= Melody =

Linear succession of tones in the foreground of a musical work

A bar from J. S. Bach's Fugue No. 17 in A-flat, BWV 862, from The Well-Tempered Clavier (Part I), an example of counterpoint. The two voices (melodies) on each staff can be distinguished by the direction of the stems and beams.

Voice 1

Voice 2

Voice 3

Voice 4

A melody (from Greek μελῳδία (melōidía) 'singing, chanting'), also tune, voice, or line, is a linear succession of musical tones that the listener perceives as a single entity. In its most literal sense, a melody is a combination of pitch and rhythm, while more figuratively, the term can include other musical elements such as tonal color. It is the foreground to the background accompaniment. A line or part need not be a foreground melody.

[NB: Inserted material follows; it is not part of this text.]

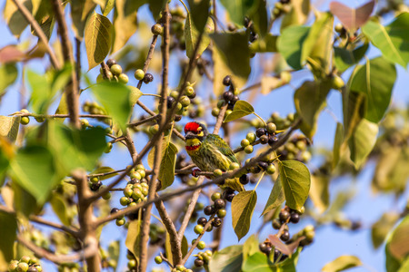 A colourful Malabar Barbet (Megalaima malabarica), is greedily stuffing itself with some wild berries.

Melodies often consist of one or more musical phrases or motifs, and are usually repeated throughout a composition in various forms. Melodies may also be described by their melodic motion or the pitches or the intervals between pitches (predominantly conjunct or disjunct or with further restrictions), pitch range, tension and release, continuity and coherence, cadence, and shape.

==Function and elements==

Johann Philipp Kirnberger argued:

The true goal of music—its proper enterprise—is melody. All the parts of harmony have as their ultimate purpose only beautiful melody. Therefore, the question of which is the more significant, melody or harmony, is futile. Beyond doubt, the means is subordinate to the end.
— Johann Philipp Kirnberger (1771)

The Norwegian composer Marcus Paus has argued:

Melody is to music what a scent is to the senses: it jogs our memory. It gives face to form, and identity and character to the process and proceedings. It is not only a musical subject, but a manifestation of the musically subjective. It carries and radiates personality with as much clarity and poignancy as harmony and rhythm combined. As such a powerful tool of communication, melody serves not only as protagonist in its own drama, but as messenger from the author to the audience.
— Marcus Paus (2017)

Given the many and varied elements and styles of melody, "many extant explanations [of melody] confine us to specific stylistic models, and they are too exclusive." Paul Narveson claimed in 1984 that more than three-quarters of melodic topics had not been explored thoroughly.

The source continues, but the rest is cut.